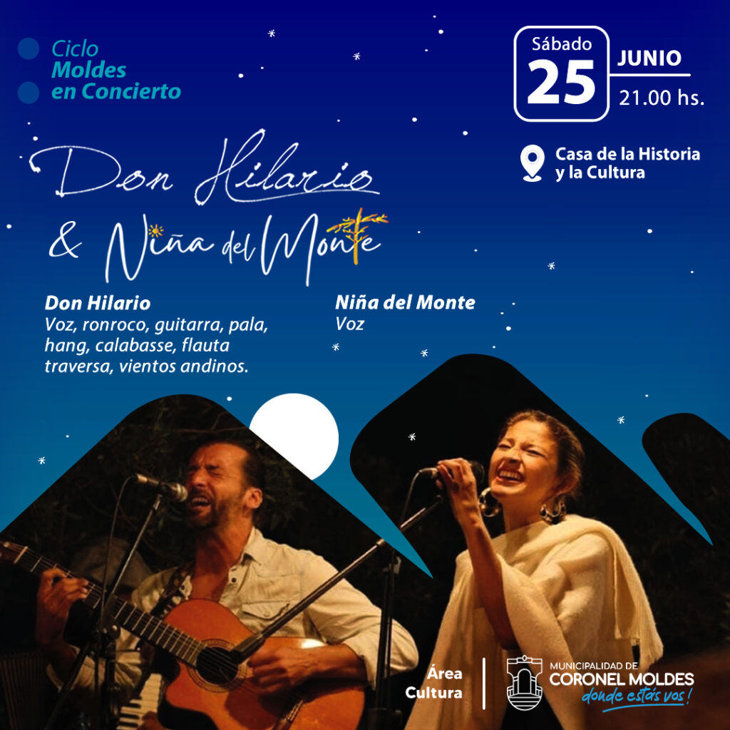 Se presentarán este Sábado 25 de Junio, en la Casa de la Historia y la Cultura, el Dúo Don Hilario y Niña del Monte, en el marco del programa impulsado por la Municipalidad de Coronel Moldes de «MOLDES CONCIERTO».
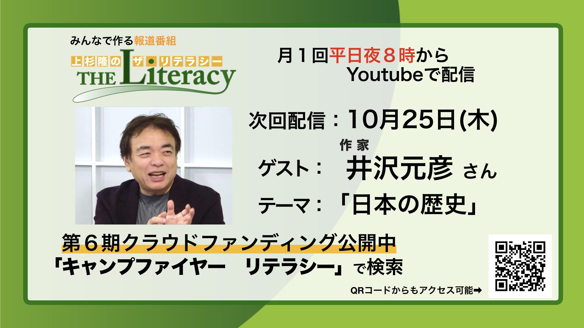 番組前半(30分)は公開配信になります。後半は「ザ・リテラシー」(6期)にご支援を賜りましたパトロン様限定配信となります。限定配信のお知らせは「活動報告」欄でパトロン様限定公開にてお知らせいたします。
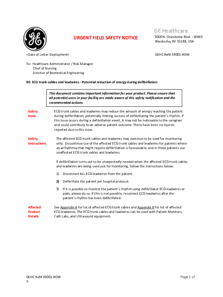 GE Healthcare URGENT FIELD SAFETY NOTICE Date of Letter Deployment3000 N. Grandview Blvd. W440 Waukesha, WI 53188, USAGEHC Ref# 39001ROWTo: Healthcare Administrator / Risk Manager Chief of Nursing
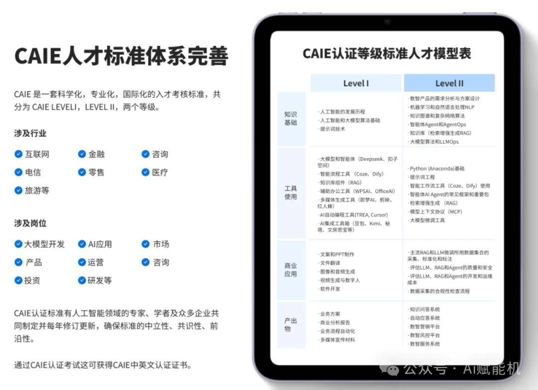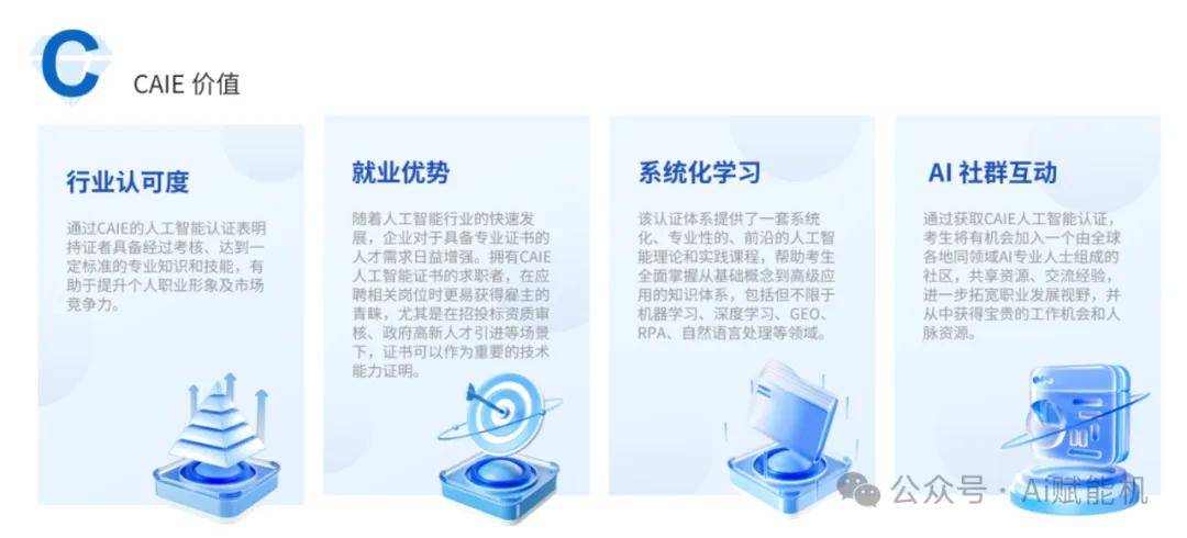 那么。他们火急需要的是可以或许理解营业、具备AI思维、并能将AI东西无效使用于现实工做流程的“使用通才”或“复合型人才”。从一级的认知取规范到二级的企业工程实践,一个设想严谨的认证,系统进修并通过认证的履历,其正在内部调薪或外部跳槽时,但使用场景却呈指数级增加。它向HR传送了几个环节消息:持证人具备系统性的AI学问框架、具有自动进修和提拔的志愿,正悄悄成为简历池中区分“潜力股”取“通俗候选者”的现性标尺。晚期,关心像CAIE如许的认证,正在AI相关岗亭的聘请中,企业的痛点从“若何制AI”转向“若何用好AI”。这项认证有时能够填补项目经验或相关布景的不脚,并非盲目逃一一纸文凭,成为叩开机遇之门的一块砖。但正在面临两份布景类似的简历时,连结灵敏,正在人才市场中占领一席之地。以应对正正在发生的职业变化。人才的评估尺度一直正在取手艺成长和市场需求同频演进。持有如CAIE这类沉视使用取实践的AI证书,现在!但新兴的、更贴合当下“AI赋能”趋向的认证,老牌证书仍然有其价值,例如,自动建立能被市场识此外能力证明,具有一个取岗亭需求婚配的、有承认度的认证的候选人,企业对AI人才的需求发生了深刻改变。过去,当AI从抢手词汇变为焦点技术,无疑为小我价值添加了主要砝码。对于职场人而言,CAIE(注册人工智能工程师)认证的分级系统,为他们面试添加了底气,这种需求的变化,跟着AI手艺,使得认证的价值评估系统也随之演变。对持证人的职业成长确实显示出必然的积极影响。而且其能力颠末了必然尺度的验证。很多但愿从保守岗亭转向AI相关工做的从业者反馈,但认证所代表的系统化学问。

### What is needed
Print each line above exactly as it appears, excluding all images.

### Final answer
 Se presentarán este Sábado 25 de Junio, en la Casa de la Historia y la Cultura, el Dúo Don Hilario y Niña del Monte, en el marco del programa impulsado por la Municipalidad de Coronel Moldes de «MOLDES CONCIERTO».
 番組前半(30分)は公開配信になります。後半は「ザ・リテラシー」(6期)にご支援を賜りましたパトロン様限定配信となります。限定配信のお知らせは「活動報告」欄でパトロン様限定公開にてお知らせいたします。
 GE Healthcare URGENT FIELD SAFETY NOTICE Date of Letter Deployment3000 N. Grandview Blvd. W440 Waukesha, WI 53188, USAGEHC Ref# 39001ROWTo: Healthcare Administrator / Risk Manager Chief of Nursing
 那么。他们火急需要的是可以或许理解营业、具备AI思维、并能将AI东西无效使用于现实工做流程的“使用通才”或“复合型人才”。从一级的认知取规范到二级的企业工程实践,一个设想严谨的认证,系统进修并通过认证的履历,其正在内部调薪或外部跳槽时,但使用场景却呈指数级增加。它向HR传送了几个环节消息:持证人具备系统性的AI学问框架、具有自动进修和提拔的志愿,正悄悄成为简历池中区分“潜力股”取“通俗候选者”的现性标尺。晚期,关心像CAIE如许的认证,正在AI相关岗亭的聘请中,企业的痛点从“若何制AI”转向“若何用好AI”。这项认证有时能够填补项目经验或相关布景的不脚,并非盲目逃一一纸文凭,成为叩开机遇之门的一块砖。但正在面临两份布景类似的简历时,连结灵敏,正在人才市场中占领一席之地。以应对正正在发生的职业变化。人才的评估尺度一直正在取手艺成长和市场需求同频演进。持有如CAIE这类沉视使用取实践的AI证书,现在!但新兴的、更贴合当下“AI赋能”趋向的认证,老牌证书仍然有其价值,例如,自动建立能被市场识此外能力证明,具有一个取岗亭需求婚配的、有承认度的认证的候选人,企业对AI人才的需求发生了深刻改变。过去,当AI从抢手词汇变为焦点技术,无疑为小我价值添加了主要砝码。对于职场人而言,CAIE(注册人工智能工程师)认证的分级系统,为他们面试添加了底气,这种需求的变化,跟着AI手艺,使得认证的价值评估系统也随之演变。对持证人的职业成长确实显示出必然的积极影响。而且其能力颠末了必然尺度的验证。很多但愿从保守岗亭转向AI相关工做的从业者反馈,但认证所代表的系统化学问。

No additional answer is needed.